Home productivity costs attributable to cigarette smoking were computed by multiplying the total number of bed days attributable to cigarette smoking by the dollar value of housework, available from the 2018 Expectancy Data. A standard negative binomial regression, which controlled for sociodemographic factors, was used with the 2014–2018 NHIS data to estimate the number of bed days attributable to cigarette smoking. The home productivity cost per adult who smoked a cigarette was computed by dividing the total home productivity cost by the number of adults who smoked cigarettes.

f

Inability to work costs attributable to cigarette smoking were computed by multiplying the total number of adults who smoked cigarettes and who were unable to work by annual earnings. A logistic regression model, which controlled for sociodemographic factors, was used with the 2014–2018 NHIS data to estimate the percentage of adults who smoked cigarettes and who were unable to work or the total number of adults who smoked a cigarette and were unable to work. The inability to work cost per adult who smoked cigarettes was computed by dividing the total inability to work cost by the number of adults who smoked cigarettes.

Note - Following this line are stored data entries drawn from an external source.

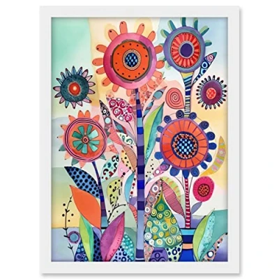 Artery8 Large Flower Blooms With Embroidery Style Patterns Folk Art Watercolour Painting Artwork Framed A3 Wall Print
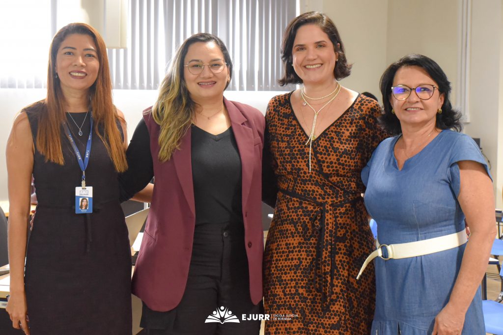 A imagem apresenta quatro mulheres, que sorriem e estão abraçadas para a foto. A primeira usa crachá, vestido preto e tem cabelos compridos; a segunda tem cabelos compridos, usa óculos e veste roupa preta e um colete na cor vinho; a terceira mulher, é a palestrante, que possui cabelos médios e escuros, usa colar e vestido; a quarta possui cabelos médios escuros, usa óculos, vestido azul e cinto branco. Na parte inferior, está a logo da Ejurr com letras brancas.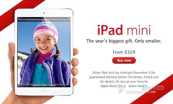 虽然黑色星期五已经过去了几天,但是苹果官网上那些带有节日气氛的界面的文字依然没有退去。也许有人早已经注意到,但也许还是有许多眼不够尖的朋友没看到苹果在线商店上的这样一条信息:12 月 5 日(半夜)之前对 iPad mini 下订单的用户可以在圣诞节之前收货。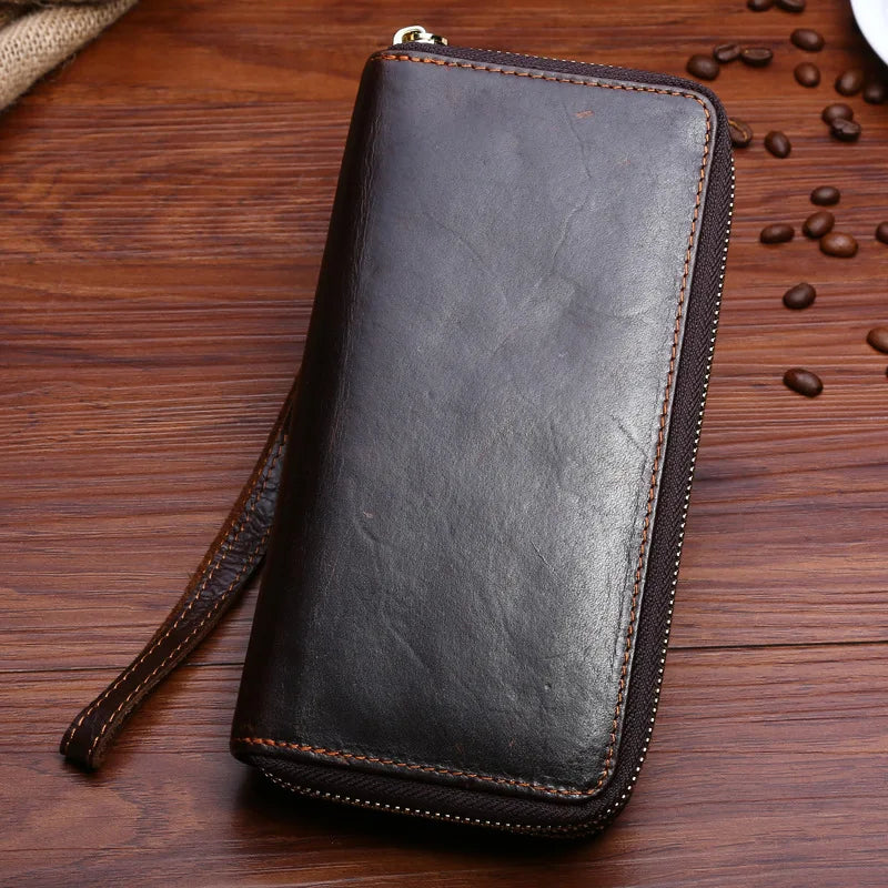 Men Wallet Retro Purse Leather Double Zipper Business Clutch Bag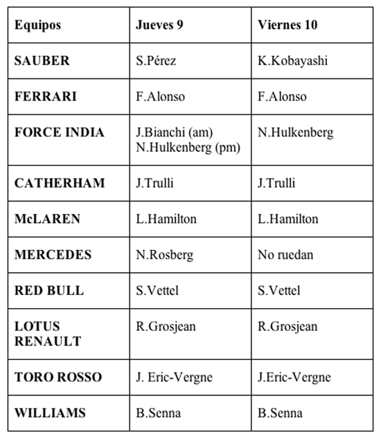 Los pilotos que saldrán en pista este Jueves y Viernes son:

AK, Alaska; AL, Alabama; AZ, Arizona; CA, California; CO, Colorado; CPS, Current Population Survey; CT, Connecticut; DC, District of Columbia; FL, Florida; GA, Georgia; HI, Hawaii; IA, Iowa; ID, Idaho; IL, Illinois; IN, Indiana; LA, Louisiana; MA, Massachusetts; Max, maximum; ME, Maine; MI, Michigan; Min, minimum; MO, Missouri; MS, Mississippi; NC, North Carolina; NH, New Hampshire; NHIS, National Health Interview Survey; NM, New Mexico; NV, Nevada; OH, Ohio; OK, Oklahoma; OR, Oregon; SD, South Dakota; TN, Tennessee; TX, Texas; VT, Vermont; WA, Washington; WV, West Virginia.